Here is ahort description of how to use the timeline in a seminar or class. If you are looking for a detailed description, please see the Connecting the Dots brochure.
Spread a timeline (for example, from 1500 to today) out on the floor. Depending on the theme and time frame selected, you can choose between 6 and 12 quotations to distribute amongst the group. Because the quotations do not include their authors’ names or the date on which they were made, participants do not know to whom or to which period to attribute them.
Next, participants break into groups of two or three and discuss the quotations, trying to guess from which period and from whose perspective they come.
The quotations point to power structures and/or colonial continuities and inconsistencies relevant to the topic being discussed (e.g. racism). The statements represent two sides: ways of speaking about the ‘other’ and one’s ‘own’ that dominate in the ‘West’, and statements that criticise racism or derive from (e.g. anti-colonial) resistance.

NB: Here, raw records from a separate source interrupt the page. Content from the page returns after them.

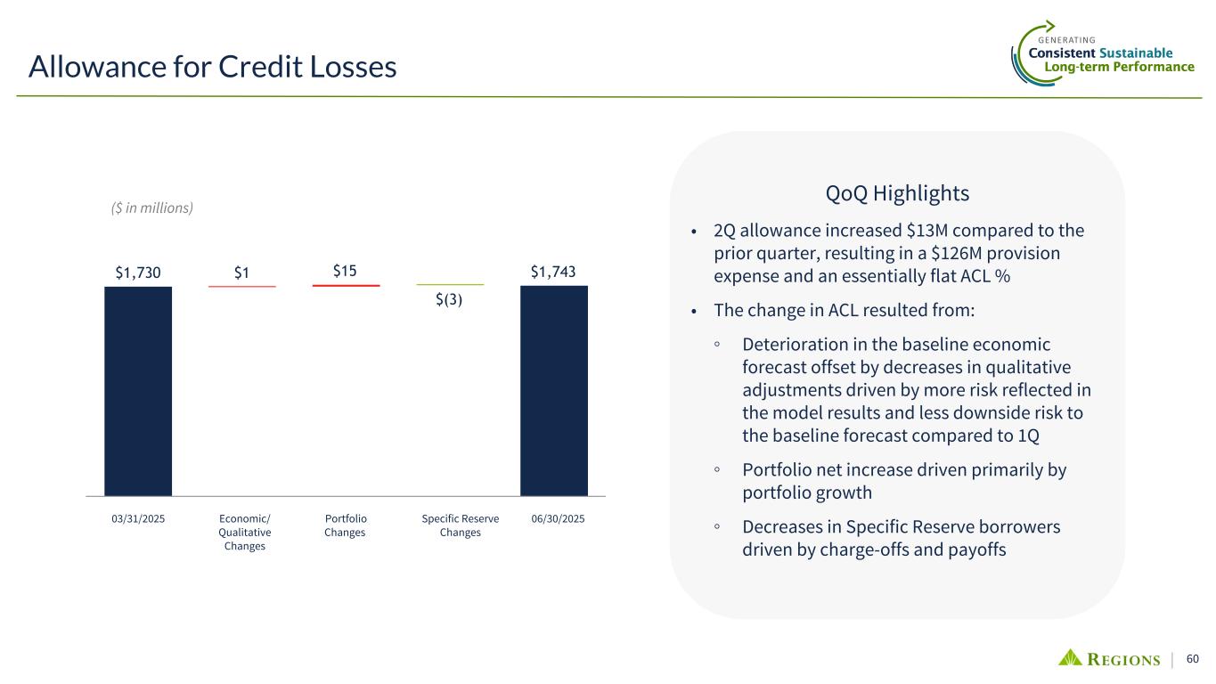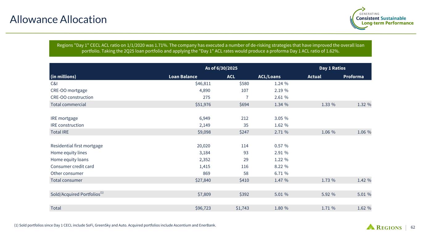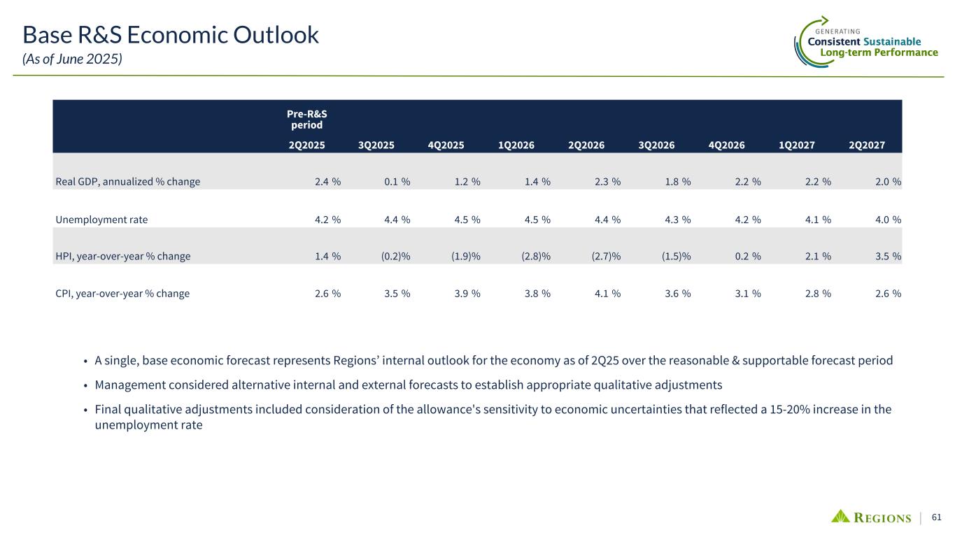 61 Pre-R&S period 2Q2025 3Q2025 4Q2025 1Q2026 2Q2026 3Q2026 4Q2026 1Q2027 2Q2027 Real GDP, annualized % change 2.4 % 0.1 % 1.2 % 1.4 % 2.3 % 1.8 % 2.2 % 2.2 % 2.0 % Unemployment rate 4.2 % 4.4 % 4.5 % 4.5 % 4.4 % 4.3 % 4.2 % 4.1 % 4.0 % HPI, year-over-year % change 1.4 % (0.2) % (1.9) % (2.8) % (2.7) % (1.5) % 0.2 % 2.1 % 3.5 % CPI, year-over-year % change 2.6 % 3.5 % 3.9 % 3.8 % 4.1 % 3.6 % 3.1 % 2.8 % 2.6 % Base R&S Economic Outlook (As of June 2025) • A single, base economic forecast represents Regions’ internal outlook for the economy as of 2Q25 over the reasonable & supportable forecast period • Management considered alternative internal and external forecasts to establish appropriate qualitative adjustments • Final qualitative adjustments included consideration of the allowance's sensitivity to economic uncertainties that reflected a 15-20% increase in the unemployment rate
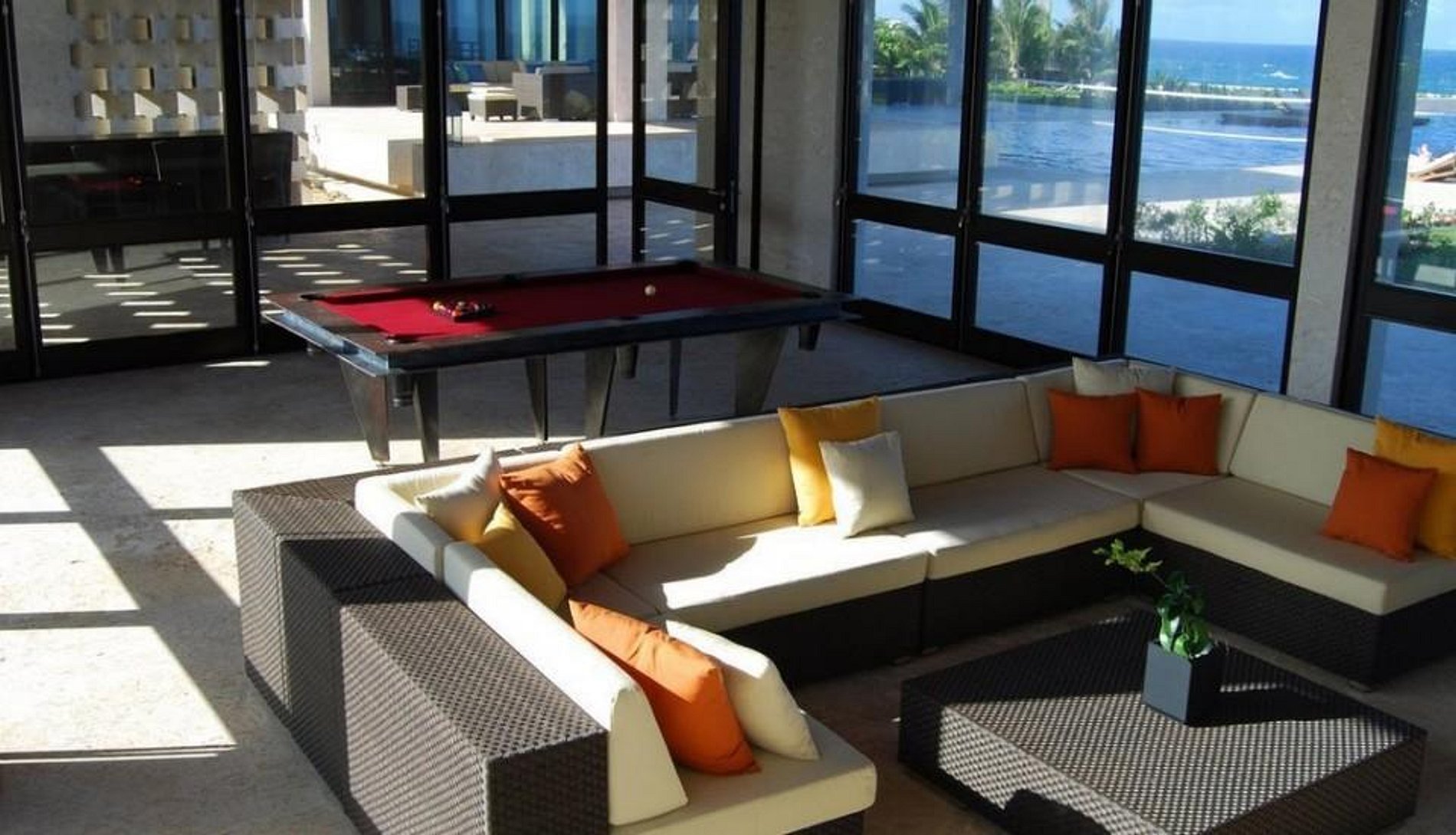 Indoors, the living area is the picture of simple sophistication, with seating areas grouped perfectly for conversation, and floor-to-ceiling windows that overlook the ocean. The dining area features ample seating for large parties, as well as plenty of open space for entertaining.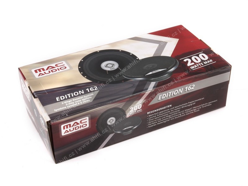 Nová základná rada reproduktorov Mac Audio Edition. Lakovaná membrána z lisovaného papiera. Výškové reproduktory v titánovom dizajne. V obsahu balení nájdete krycej mriežky, ktoré spoľahlivo chránia reproduktory pred poškodením membrány alebo závesu. Menej zaujímavý pomer cena/zvuk oproti iným radom reproduktorov Mac Audio.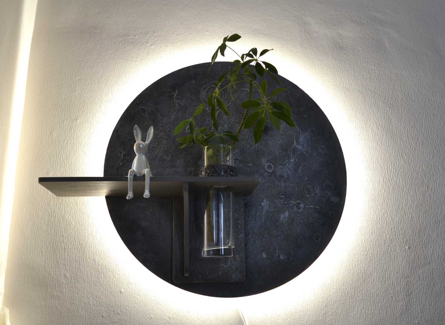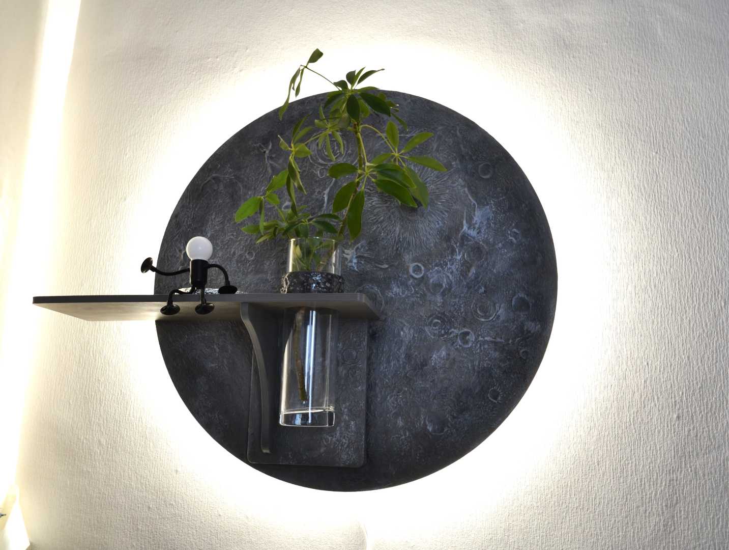 Авторское настенное панно в виде луны с мягкой подсветкой — стильное решение для современного интерьера. Объёмная фактура поверхности передаёт эффект настоящего лунного рельефа.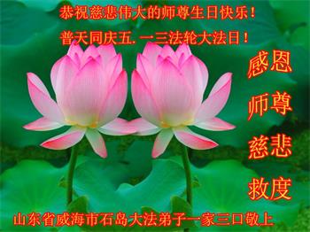 山东省威海石岛一家三位大法弟子恭祝慈悲伟大的师尊生日快乐!普天同庆世界法轮大法日!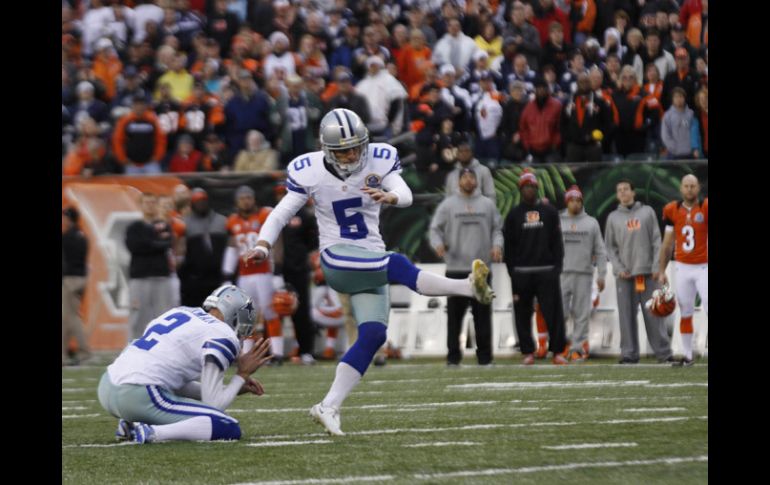 Deportes | Los Vaqueros vencen 20-19 a los Bengalíes de Cincinnati Bailey da un agónico triunfo a Dallas Los Vaqueros vencen 20-19 a los Bengalíes de Cincinnati Por: EFE 9 de diciembre de 2012 - 17:14 hs Bailey conecta el gol de campo con el que Dallas ganó a Cincinnati. REUTERS / CINCINNATI, OHIO (09/DIC/2012).- El pateador Dan Bailey anotó hoy un gol de campo de 40 yardas en el momento en que el tiempo regular expiraba y dio a los Vaqueros de Dallas una victoria por 19-20 sobre los Bengalíes de Cincinnati. En un encuentro en el que ambos equipos se jugaban un pase a las finales, los Vaqueros (7-6) se sobrepusieron a la tragedia que el equipo vivió un día antes, cuando el integrante del equipo Jerry Brown perdió la vida en un accidente automovilístico. Mientras que el defensivo Josh Brent, quien iba conduciendo el auto bajo los efectos del alcohol, recibió cargos de homicidio involuntario. El mariscal de campo de los Vaqueros, el hispano Tony Romo, completó 25 de 43 envíos para 268 yardas, con un pase de anotación y otro interceptado, que ayudaron también al equipo de Dallas a conseguir la segunda victoria consecutiva. Los Bengalíes (7-6) fueron conducidos por su mariscal de campo Andy Dalton, que completó 20 de 33 pases, y ganancias de 206 yardas, un pase de anotación y una interceptación. Temas NFL Futbol Americano Bengalíes de Cincinnati Vaqueros de Dallas Lee También Futbol hoy 18 de octubre de 2025: ¿Dónde ver los partidos en vivo? Dónde ver EN VIVO Brewers vs Dodgers por el Juego 4 de la Serie de Campeonato LN 2025 Chivas "borra" a Omar N de su historia tras presunto delito El Tri Sub-17 femenil va por la revancha mundialista en Marruecos Recibe las últimas noticias en tu e-mail Todo lo que necesitas saber para comenzar tu día Registrarse implica aceptar los Términos y Condiciones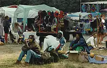In the Deadhead community,[4] and other like-minded musical scenes,[2] an interesting tailgating culture evolved.[1] More than just a party for fans, it is a way for the faithful to sell wares which in turn fund their tickets and gas to the next concert in order to spend weeks, months, or even entire tours on the road.[7] Along with the more traditional fare and beverages such as individual cans or bottles of beer, there may be a selection of vegetarian food[6] such as grilled cheese sandwiches, egg rolls, burritos, falafel,[6] quesadillas, and pizza. Certain illicit foods such as hash brownies and "ganja gooballs" are also sometimes found in the parking lots. Other products available for the tailgaters include handmade jewelry, bumper stickers, t-shirts,[6] entheogenic agents (“head changes”), or drug paraphernalia.
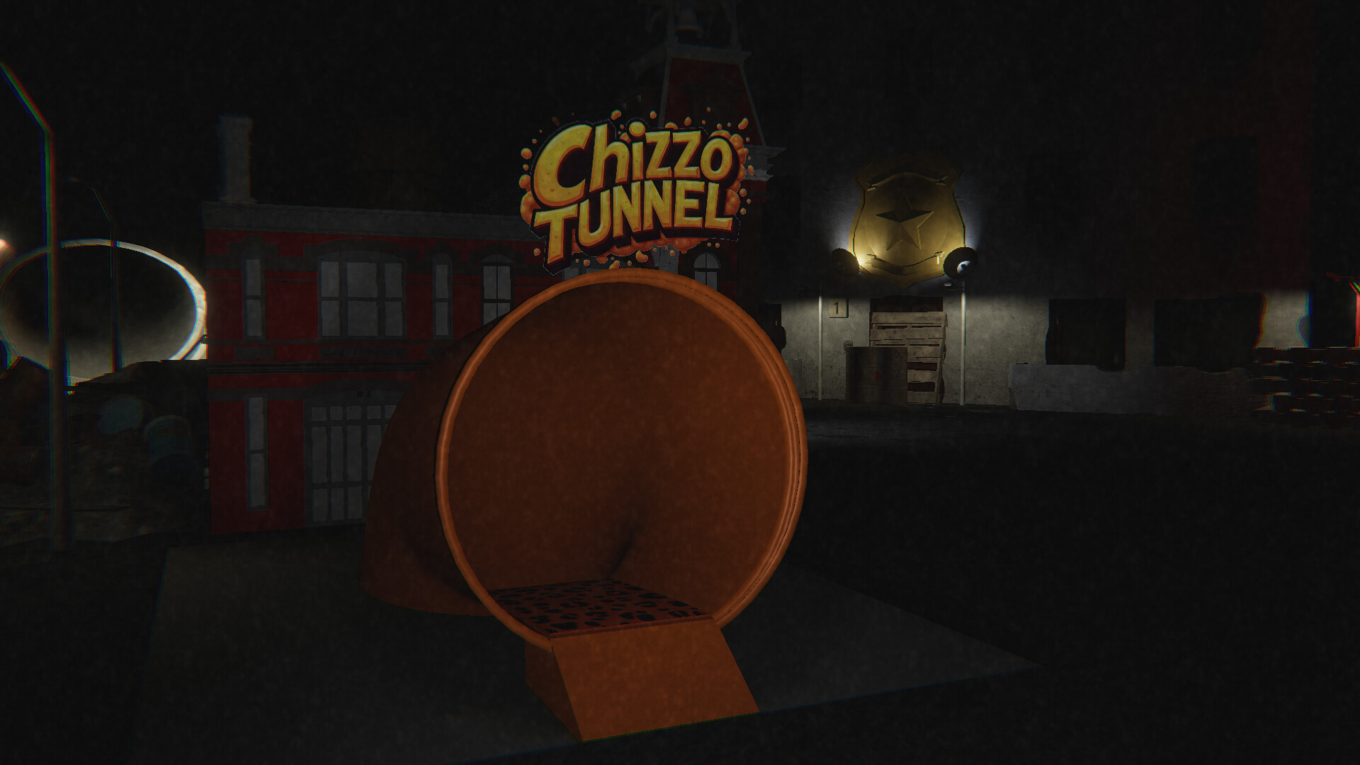 One of the attractions in the park is the Chizzo Tunnel. A short underground tunnel built by Chizzo Corp. to promote their new flavors of cheesy snacks.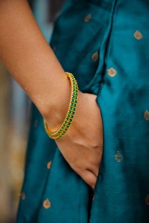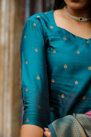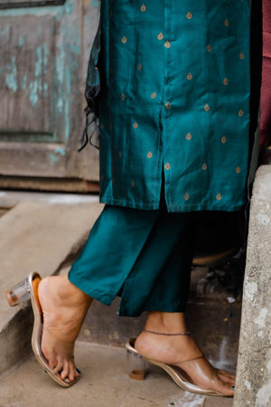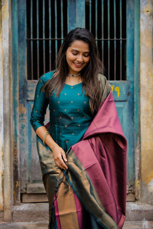 Green colour semi kanchipuram vegan silk kurta set which has lavander zari buttas all over. It has a smart sweet heart neck detailing and 3/4th sleeves with slits.聽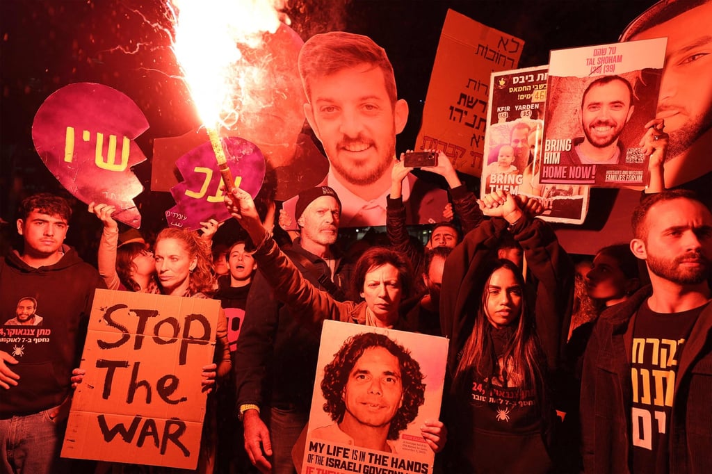 特拉维夫示威者呼吁采取行动解救被扣押在加沙的以色列人。照片:法新社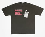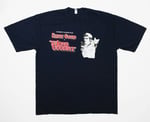 Screen printed by hand on LA apparel heavyweight tees. Water based ink on navy/vintage black tee.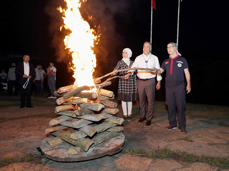 Kamp ateşinin yakılmasıyla başlayan veda programında bir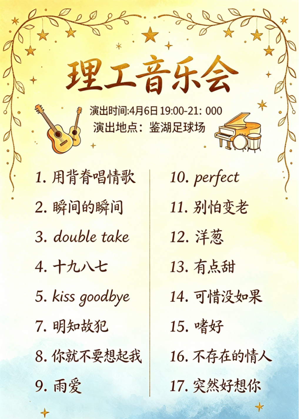 为推动校园文化多元融合,丰富学生课余生活,促进跨学院交流,4月6日晚,由经济学院、外国语学院、信息工程学院、计算机学院联合举办的学海社区“音乐接龙”音乐会在鉴湖操场温情开唱。来自各学院的音乐爱好者齐聚一堂,以歌会友、接力传唱,共同奏响春日青春乐章。

Choose your collection of quotations well. They should include voices that are not usually heard side by side. Bringing them together in this way highlights the imprint of the colonial past on today’s dominant views (for example, on the Global South and People of Color). At the same time, resistant voices show us ways of rethinking history, the present and future.
On the one hand, working with a post-colonial timeline allows us to disseminate marginalised knowledges and build audiences for these perspectives. On the other, by encountering multiple perspectives, participants learn both about diversity and about the social construction of knowledge and the world. We have selected the quotations in order to surprise, question patterns of thinking and empower. For many participants, this process of learning is an emotional experience: it allows them to connect aha! moments (e.g. about a statement made by Nicolas Sarcozy in 2007 that many attribute to the 18th century) with knowledge transfer (e.g. about the fact that Hegel, as a representative of the Enlightenment, participated in the establishment of racial theory in Germany). Through the process, mainstream knowledge systems are put into question and participants’ curiosity is aroused as is their eagerness to continue exploring the topics by themselves.